Gathering Maple Sugar, Tree Tapping, Syrup Processing

Each Spring, Quiet Valley makes its own maple sugar. We all love the sweet, sticky sap that comes from these types of trees for our pancakes and for adding to all sorts of recipes, such as maple ginger salmon. This past week we started tapping the trees around the farm. A good tap tree is about 10 to 20 inches in diameter, which makes the tree about 40 years old. A tap is drilled into the tree and a small metal tube called a spile is inserted into the tree. The sap runs down the spile and spills into a waiting container. In our case those are sterilized glass jars but these can be buckets or even special bags. I was really surprised to see that the sap was clear. (I had assumed it was going to be colored.)

The jars are collected twice a day, but with how quickly the sap is flowing now, it might be three times a day. Once enough maple sap is collected then we have a Maple Sugaring Event which is open to all members of Quiet Valley. During this event the sap is heated in big vats and refined into the syrup we love.

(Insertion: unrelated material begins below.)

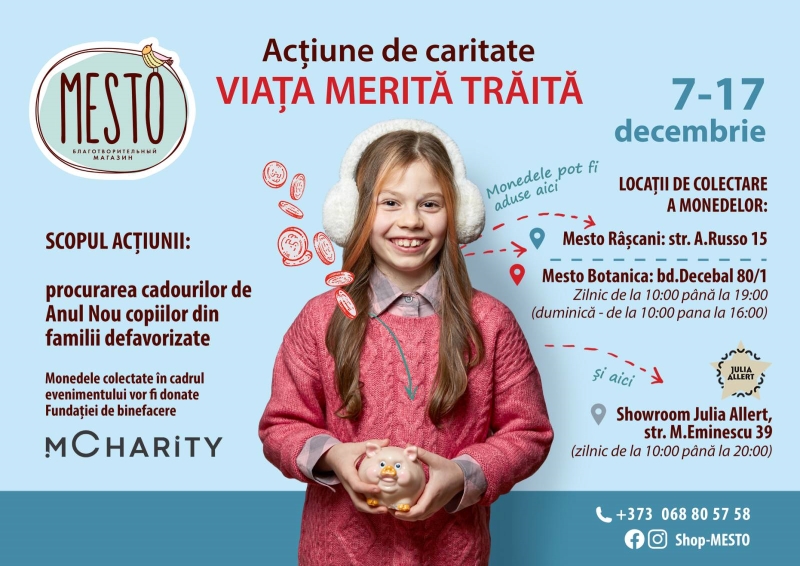„Viața merită trăită” - cel mai preferat și așteptat eveniment a proiectului MESTO: este disponibil pentru toată lumea, indiferent de vârstă, statut și venit. Toți cei care pot împărți cel puțin o monedă devin parte din această magie. În cadrul celor trei ediții anterioare ale acestui eveniment caritabil, am strâns aproape 270 de mii de lei. Ceia ce ne-a permis să îndeplinim cele mai profunde dorințe ale copiilor bolnavi de cancer, precum și să cumpărăm o casă rurală pentru o familie cu o mamă şi trei copii. Anul acesta ne propunem să aducem bucurie copiilor din familii defavorizate, unde nu există posibilitatea de a le îndeplini visele de Anul Nou. Este atât de important ca bucuriile sărbătorilor de iarnă și credința în miracole să fie disponibile tuturor copiilor.”

How does this work? During the summer, the trees store sugar and nutrients in their roots. In the Spring, when the weather begins to warm, the sap begins to return to the top of the tree to help grow the leaves. The best time to gather the sap is when it is warm during the day and cold at night. That way the sap runs better. You don’t have to stop at just tapping maple trees but can also tap birch trees, black walnuts, hickory and box elder. This Saturday, February 25th, we’ll be cooking down the sap and making maple sugar.